I. 臨床症状
紫斑病性腎炎の臨床症状は.軽度.中等度.重度の3つのタイプに分類されます。
1.光
臨床症状-顕微鏡的血尿.少量の蛋白尿<30mg/kg24h.通常.高血圧や腎機能障害を伴わない。
2.ミディアム。
臨床症状は軽症と重症の中間に位置し.以下のいずれかの状態を中型のHSPNと考えることができます。
(i) 肉眼的血尿または大量の顕微鏡的血尿。
(ii) 尿蛋白が30mg/kg24hを超える。
(iii) 高血圧を伴うもの。
軽度の腎障害のある方
3.重い。
臨床症状は.肉眼的血尿.大量の蛋白尿.高血圧.腎機能障害であり.一部の患者は急性進行性糸球体腎炎を呈します。
さらに.アレルギー性紫斑病の腎外症状:皮膚.消化器.関節の症状は.腸擦過傷.腸の壊死.穿孔や他の深刻な合併症の時折発生に注意する必要があります.臨床も外科的急性腹疾患を誤診しやすい.HSPの最初の症状として消化器症状の子供の数が少ないに注意を払う必要があります。 腎臓病変は通常HSP発症後1ヶ月以内に発症し(89.18%).10〜15日が発症のピークとなります。
アレルギー性紫斑病性腎炎の臨床型。
2000年の中国小児科学会腎臓病グループの珠海会議の議事録では.アレルギー性紫斑病性腎炎を6つの臨床型に分類しています。
1.孤立性血尿または孤立性蛋白尿。
2. 血尿と蛋白尿があり.蛋白尿は比較的目立つ。
3. 急性腎炎症候群を呈する急性腎炎型
4.ネフローゼ症候群型。
5. 急激な腎機能異常の発現を伴う急性腎炎型。
6.慢性腎炎タイプ。
II.病理学的タイピング
1.光学顕微鏡の変化は6つのグレードに分類されます。
グレードI:軽微な糸球体病変
グレードII:単純チラコイド過形成
Grade III:糸球体半月形成が50%未満のチラコイド過形成.分節性病変(硬化.癒着.血栓.壊死)。
Grade IV:IIIと同じ病変で.糸球体の50%~75%にこのような変化が見られる。

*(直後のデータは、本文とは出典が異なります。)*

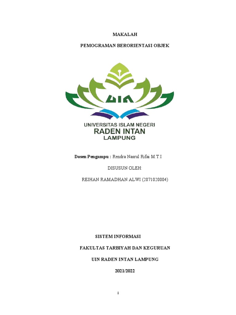 proses pembuatan makalah ini, dan dosen mata kulian Pemograman Berioentasi Objek yang
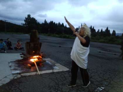 火の神様をみんなで呼ぶと、なんと、火の女神?が登場しました。そして、点火!!
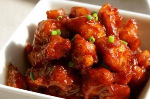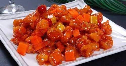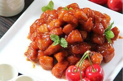 6:鍋內倒入少許的油,然後小火將番茄醬炒香,再倒入白醋、白糖、鹽、水、淀粉等,調好的調味汁用中火燒至濃稠,再倒入炸好的肉丁,炒勻即可出鍋裝盤食用。
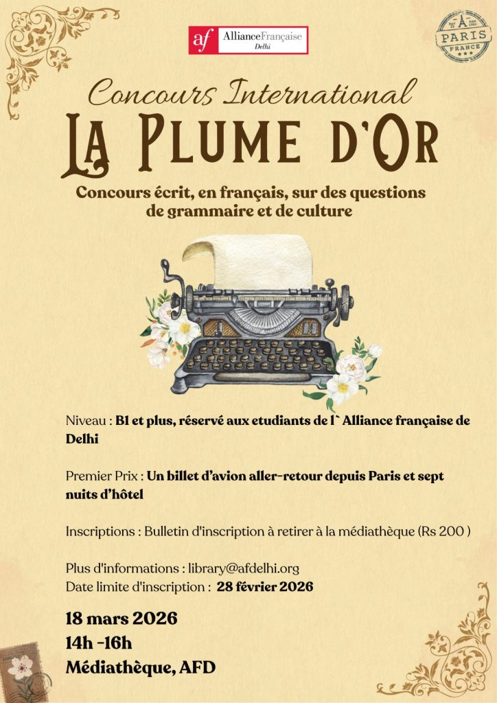 Alliance Française de Delhi invites its students to participate in La Plume d’Or 2026, one of the most prestigious international French writing competitions, bringing together French learners from across the world.
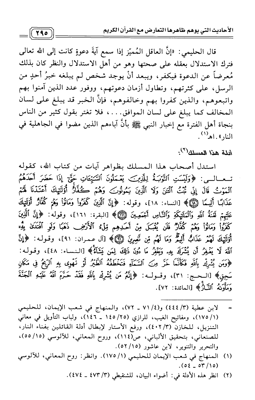 (¬1) المنهاج في شعب الإيمان للحليمي (1/ 175). وانظر: روح المعاني، للآلوسي (15/ 53 - 54).
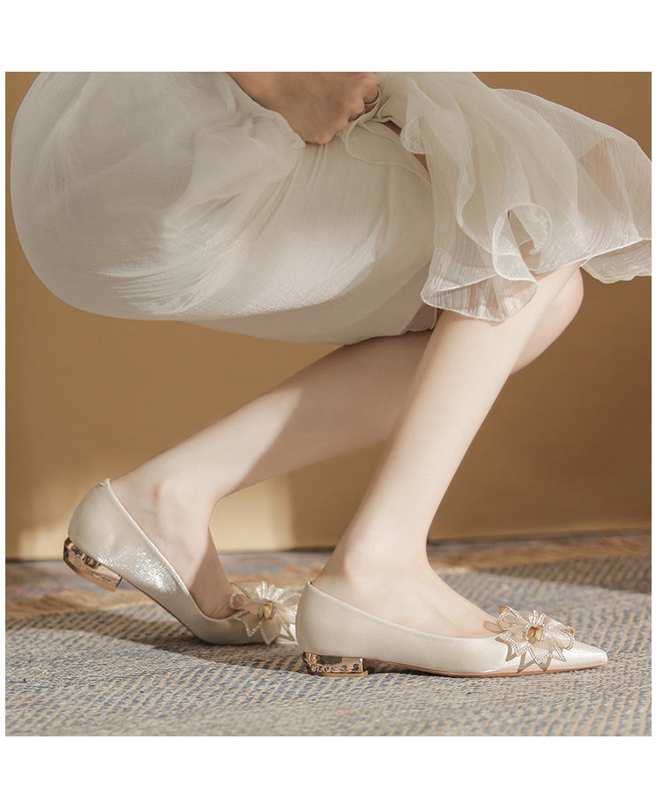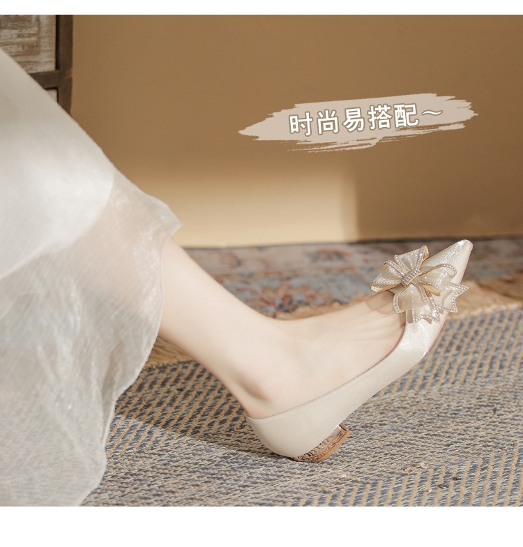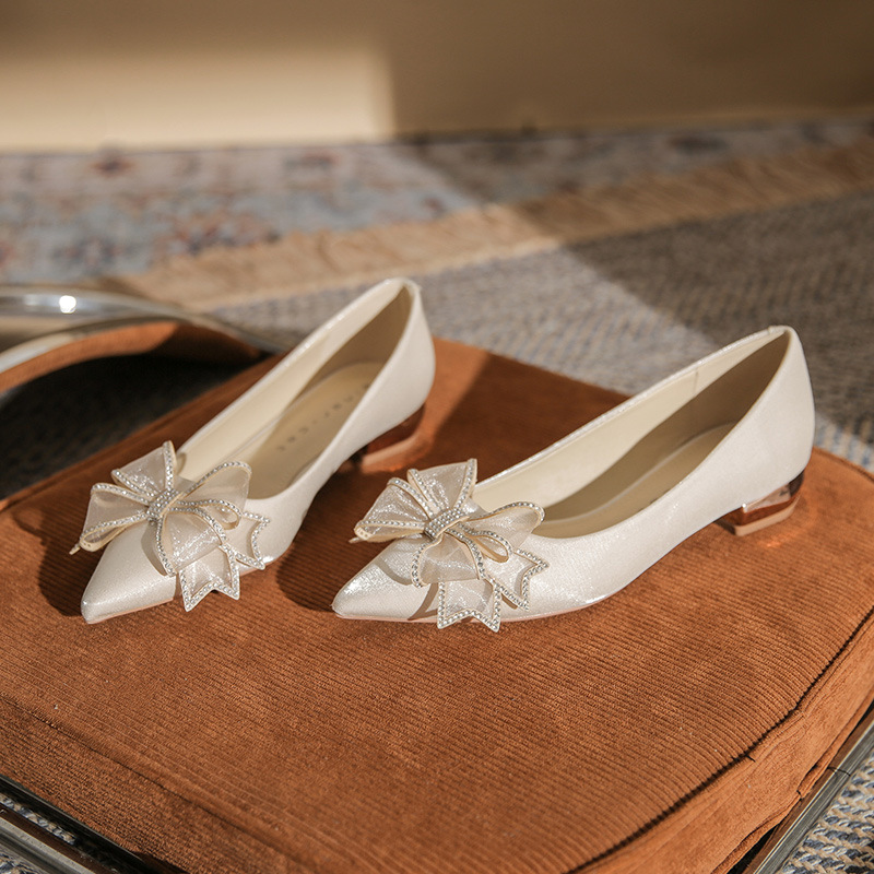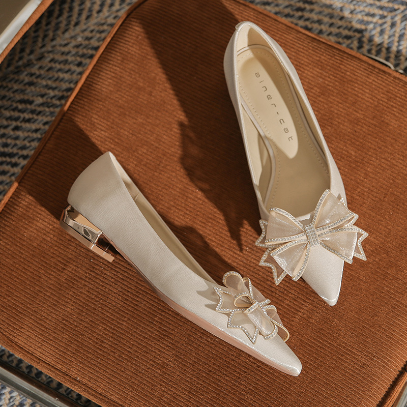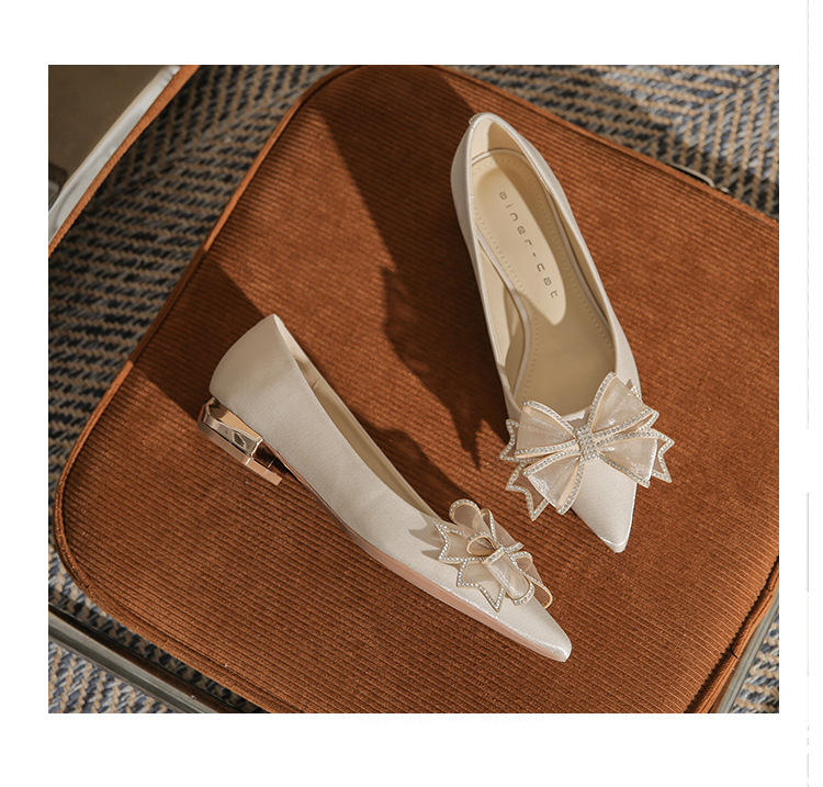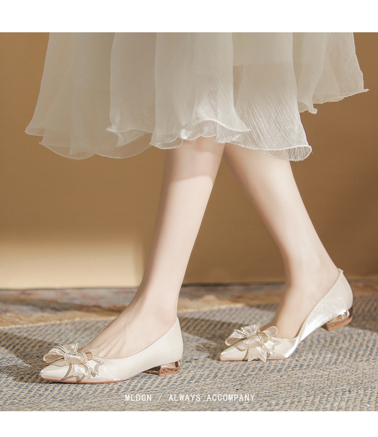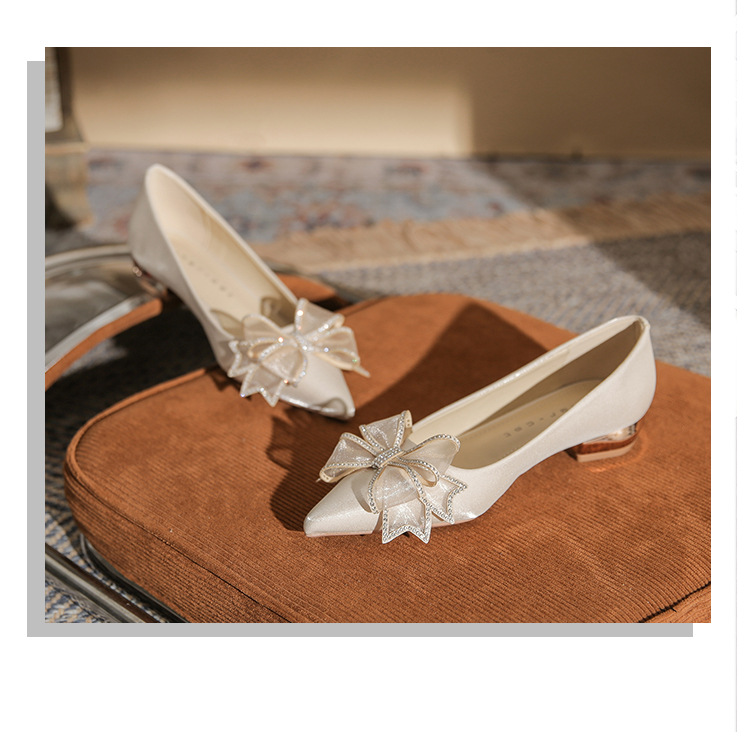 Đôi giày này có kiểu dáng mũi nhọn thanh lịch và phần gót thấp vững chãi, giúp bạn di chuyển thoải mái cả ngày. Điểm nhấn là nơ trang trí kết hợp cùng các viên đá lấp lánh tinh tế, tạo nên vẻ đẹp dịu dàng. Thiết kế theo phong cách châu Âu hiện đại, rất phù hợp để sử dụng trong các dịp quan trọng. Bạn chỉ cần xỏ chân vào và điều chỉnh dây nơ cho vừa vặn là có thể sử dụng ngay. | Tên sản phẩm: Giày Cao Gót Nữ Thắt Nơ Bướm Gắn Đá Mũi Nhọn Gót Vuông Dùng Trong Lễ Cưới - Giày Dép Nữ | Mã sản phẩm: A1204 - Giá: 830.000đ | Mã nhà sản xuất: HUDS-G03Hình ảnh sản phẩm

Grade V:IIIと同様の病変で.75%以上の糸球体にこのような変化が見られる。
グレードVI:膜性増殖性腎炎の変化
上記グレードII.III.IV.V.視神経病変の分布をそれぞれa(局所・分節性)とb(びまん性)に分けています
2.免疫病理学的タイピング
糸球体に沈着する免疫複合体によって4つのタイプに分けられる。
(1) 単純IgA沈着型
(2) IgA+IgG沈着型
(3) IgA+IgM沈着症
(4) IgA+IgG+IgM沈着症
免疫病態の種類と病態のグレードには相関があり.特にIgA+IgG+IgMのグレードIV-VIの発生率が高く.予後を左右する要因の一つとなっています。
III.治療
1.軽快なフォルム。
漢方薬は単独で.またはレーマンシア・マルチグルコシドと併用してください。
2.中型。
急性期における治療
(1)漢方薬の同定療法。
(2) プレドニゾンの十分な投与。
(3)根茎エチレングリコール多糖体。
(4) 腎臓の病態や臨床症状に応じて.必要に応じてメチルプレドニゾロン(MP)ショ ックを行う。
メンテナンス治療
アンジオテンシン変換酵素阻害薬(ACEI)やアンジオテンシンII受容体拮抗薬(ARB)の使用は.腎臓を保護し.慢性線維性病変の発生を抑制するのに有効です。
(iii) 重い
急性期治療
1.漢方薬によるエビデンスに基づいた治療。
2. プレドニンを十分量投与する。
3.レゴモール多糖類。
4.腎病理と臨床症状に応じて.必要に応じてメチルプレドニゾロン(MP)ショック療法またはMPとシクロホスファミド(CTX)ダブルフラッシュ療法を実施する。
酵素フェノレートも選択肢の一つです。
上記の治療が6ヶ月以上有効でない場合.再度腎生検を行い.治療方針を調整する必要があります。
慢性期治療
病気がコントロールされ慢性期に入ったら.徐々にホルモン剤を中止し.引き続き
1.トレチノイン多糖体。
2.漢方薬のこと。
3. アンジオテンシン変換酵素阻害薬(ACEI)またはアンジオテンシンII受容体拮抗薬(ARB)等。